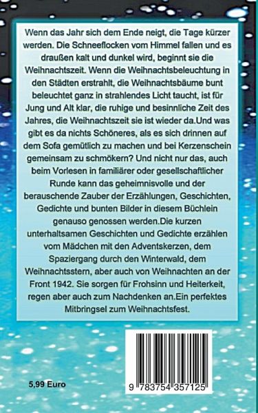 Wenn das Jahr sich dem Ende neigt, die Tage kürzer werde,. Die Schneeflocken vom Himmel fallen und es draußen kalt und dunkelt wird, beginnt sie die Weihnachtszeit. Wenn die Weihnachtsbeleuchtung in den Städten erstrahlt, die Weihnachtsbäume bunt beleuchtet ganz in strahlendes Licht taucht, ist für Jung und Alt klar, die ruhige und besinnliche Zeit des Jahres, die Weihnachtszeit ist wieder da. Und was gibt es da nichts Schöneres, als es sich drinnen auf dem Sofa gemütlich zu machen und bei Kerzenschein gemeinsam zu schmökern? Und nicht nur das, auch beim Vorlesen in familiärere oder gesellschaftlicher Runde kann das geheimnisvolle und der berauschende Zauber der Erzählungen, Geschichten, Gedichte und bunten Bildern in diesem Büchlein genauso genossen werden. Die kurzen unterhaltsamen Geschichten und Gedichte erzählen unter anderem vom Mädchen mit den Adventskerzen, dem Spaziergang durch den Winterwald, dem Weihnachtsstern, aber auch von Weihnachten an der Front 1942. Sie sorgen für Frohsinn und Heiterkeit, regen aber auch zum Nachdenken an. Ein perfektes Mitbringsel zum Weihnachtsfest.
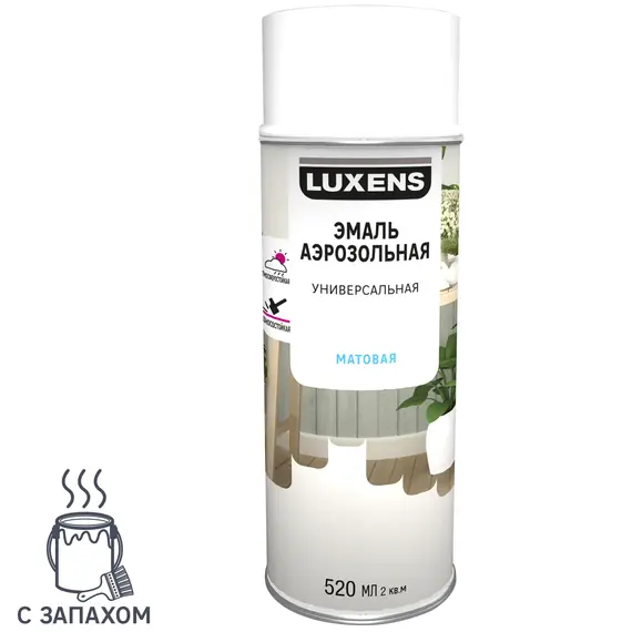 Аэрозольная эмаль Luxens универсальная идеально подходит для окрашивания и обновления любых поверхностей. Благодаря особому составу ее можно наносить прямо на ржавчину, она устойчива к ударам, царапинам и пожелтению, выдерживает температуру до 80 °C. После нанесения поверхность легко очищается, ее можно мыть. Объем баллона — 520 мл, этого хватит для окрашивания 2 м² поверхности. Эмаль неподтекающая, время высыхания между двумя слоями — 15 минут, полностью высыхает за сутки. Цвет — белый, матовый.
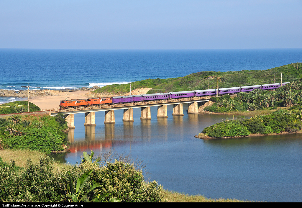 A rare sight indeed! A Premier Classe set belonging to passenger operator Shosholoza Meyl, runs alongside the Indian Ocean on the 'South Coast' line, crossing the Umgababa River, just south of Umgababa station. The train was doing a promotional trip from Durban to Umkomaas and return, for delegates attending the annual Indaba tourism trade show in Durban.
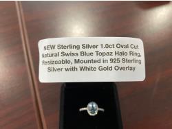 1051 Smartlife 1.0 Oval Cut Natural Swiss Blue Topaz Halo Ring (Unused)
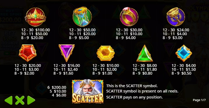 | Scatter (Zeus) | 6,00 € | 10,00 € | 200,00 € |
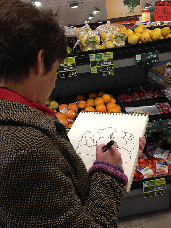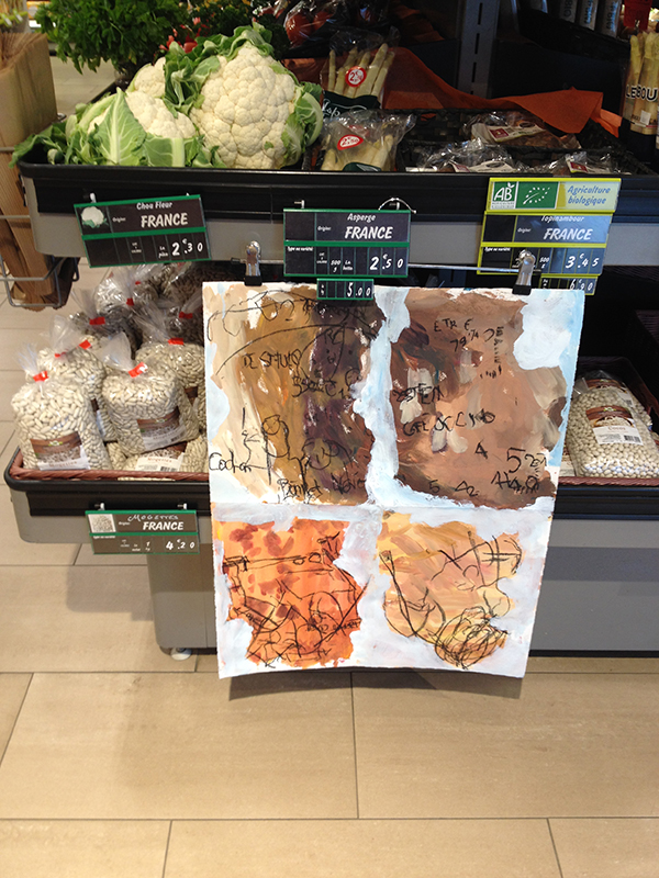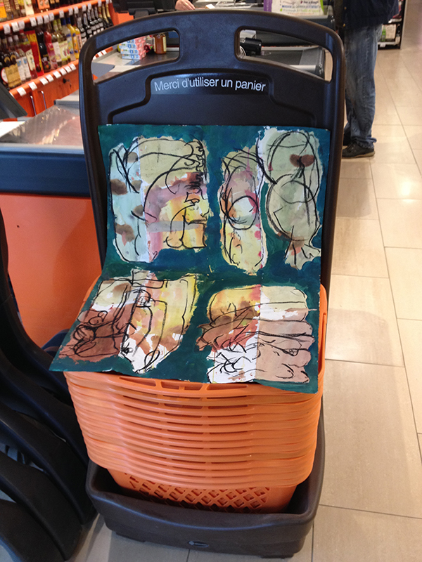 Au printemps 2019, nous entamons des suites de dessins et peintures entre les rayons de lait, fruits et légumes et surtout devant la plantureuse et fameuse vitrine d’Eric, le boucher de Chavagnes.
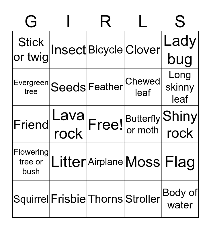 This bingo card has a free space and 39 words: Leaf with jagged edges, White flower, Red or purple leaves, Seeds, Squirrel, Airplane, Feather, Mushroom, Lady bug, Flowering tree or bush, Lava rock, Clover, Body of water, Shiny rock, Butterfly or moth, Litter, Ant hill, Stick or twig, Bird nest, Moss, Evergreen tree, Thorns, Chewed leaf, Long skinny leaf, Spider web, Flat rock, Flying bird, Mud, Fallen branch, Insect, Spider, Something smooth, Bicycle, Frisbie, Stroller, Sprinkler, Flag, Friend and White car.
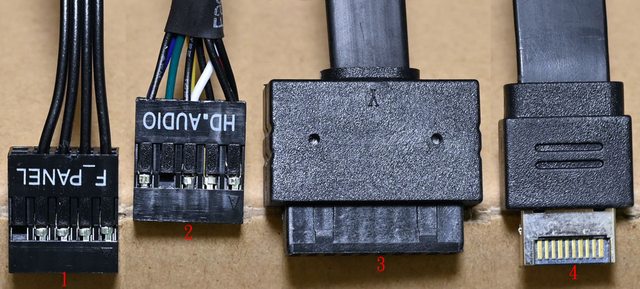 ▼機殼連接線組,1為電源開關/電源指示燈的一體式接頭,2為耳機/麥克風插座的接頭,

= = = = = = =

The reply should repeat the data in full, exactly as given, and contain no pictures.

 Wenn das Jahr sich dem Ende neigt, die Tage kürzer werde,. Die Schneeflocken vom Himmel fallen und es draußen kalt und dunkelt wird, beginnt sie die Weihnachtszeit. Wenn die Weihnachtsbeleuchtung in den Städten erstrahlt, die Weihnachtsbäume bunt beleuchtet ganz in strahlendes Licht taucht, ist für Jung und Alt klar, die ruhige und besinnliche Zeit des Jahres, die Weihnachtszeit ist wieder da. Und was gibt es da nichts Schöneres, als es sich drinnen auf dem Sofa gemütlich zu machen und bei Kerzenschein gemeinsam zu schmökern? Und nicht nur das, auch beim Vorlesen in familiärere oder gesellschaftlicher Runde kann das geheimnisvolle und der berauschende Zauber der Erzählungen, Geschichten, Gedichte und bunten Bildern in diesem Büchlein genauso genossen werden. Die kurzen unterhaltsamen Geschichten und Gedichte erzählen unter anderem vom Mädchen mit den Adventskerzen, dem Spaziergang durch den Winterwald, dem Weihnachtsstern, aber auch von Weihnachten an der Front 1942. Sie sorgen für Frohsinn und Heiterkeit, regen aber auch zum Nachdenken an. Ein perfektes Mitbringsel zum Weihnachtsfest.
 Аэрозольная эмаль Luxens универсальная идеально подходит для окрашивания и обновления любых поверхностей. Благодаря особому составу ее можно наносить прямо на ржавчину, она устойчива к ударам, царапинам и пожелтению, выдерживает температуру до 80 °C. После нанесения поверхность легко очищается, ее можно мыть. Объем баллона — 520 мл, этого хватит для окрашивания 2 м² поверхности. Эмаль неподтекающая, время высыхания между двумя слоями — 15 минут, полностью высыхает за сутки. Цвет — белый, матовый.
 A rare sight indeed! A Premier Classe set belonging to passenger operator Shosholoza Meyl, runs alongside the Indian Ocean on the 'South Coast' line, crossing the Umgababa River, just south of Umgababa station. The train was doing a promotional trip from Durban to Umkomaas and return, for delegates attending the annual Indaba tourism trade show in Durban.
 1051 Smartlife 1.0 Oval Cut Natural Swiss Blue Topaz Halo Ring (Unused)
 | Scatter (Zeus) | 6,00 € | 10,00 € | 200,00 € |
 Au printemps 2019, nous entamons des suites de dessins et peintures entre les rayons de lait, fruits et légumes et surtout devant la plantureuse et fameuse vitrine d’Eric, le boucher de Chavagnes.
 This bingo card has a free space and 39 words: Leaf with jagged edges, White flower, Red or purple leaves, Seeds, Squirrel, Airplane, Feather, Mushroom, Lady bug, Flowering tree or bush, Lava rock, Clover, Body of water, Shiny rock, Butterfly or moth, Litter, Ant hill, Stick or twig, Bird nest, Moss, Evergreen tree, Thorns, Chewed leaf, Long skinny leaf, Spider web, Flat rock, Flying bird, Mud, Fallen branch, Insect, Spider, Something smooth, Bicycle, Frisbie, Stroller, Sprinkler, Flag, Friend and White car.
 ▼機殼連接線組,1為電源開關/電源指示燈的一體式接頭,2為耳機/麥克風插座的接頭,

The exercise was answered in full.